◆ **INPUT DATA**:
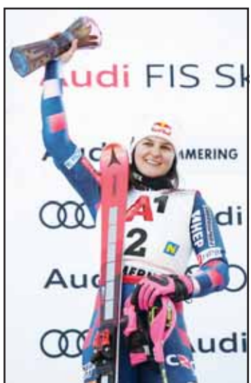
The winner Croatia's Zrinka Ljutic celebrates after an alpine ski, women's World Cup slalom race in Semmering, Austria.

Fredrik Moeller of Norway claimed his first World Cup victory by winning a super-G that got off to an inauspicious start on Sunday as Gino Caviezel became the third skier this weekend to be airlifted off the slope set to be used for the 2026 Olympics. After Alexis Monney's debut
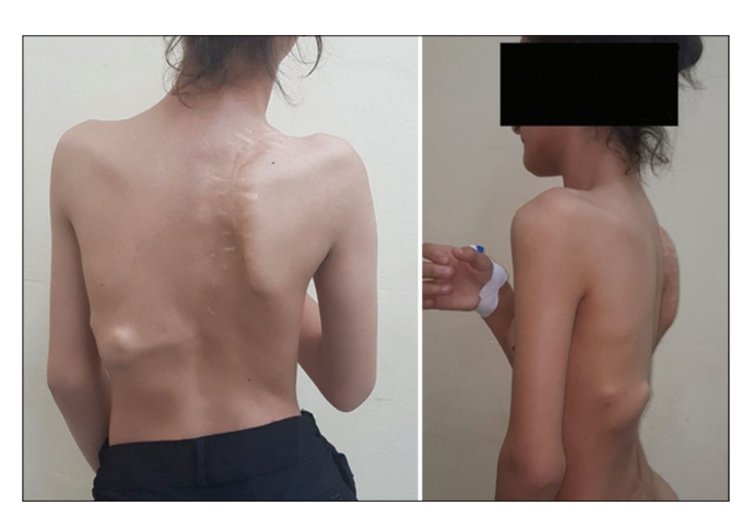
Figure 1: Multiple hard irregular masses in the deformed back

She has continued her schooling and has done well, leading a relatively normal life with deformity and occasional pain. She did not complain of respiratory problems, has no conductive hearing defects, no retinopathy, and no childhood glaucoma. She had normal teeth development and did not start menstruating. She has three normal younger brothers, and there was no family history for the same condition. On examination, we noticed

◆ **HOW TO COMPLETE THIS TASK**:
In the copy, include each line from the start of the material through the line with "Figure 1: Multiple", word for word, but none of the pictures.

◆ **TASK OUTPUT**:
The winner Croatia's Zrinka Ljutic celebrates after an alpine ski, women's World Cup slalom race in Semmering, Austria.

Fredrik Moeller of Norway claimed his first World Cup victory by winning a super-G that got off to an inauspicious start on Sunday as Gino Caviezel became the third skier this weekend to be airlifted off the slope set to be used for the 2026 Olympics. After Alexis Monney's debut
Figure 1: Multiple hard irregular masses in the deformed back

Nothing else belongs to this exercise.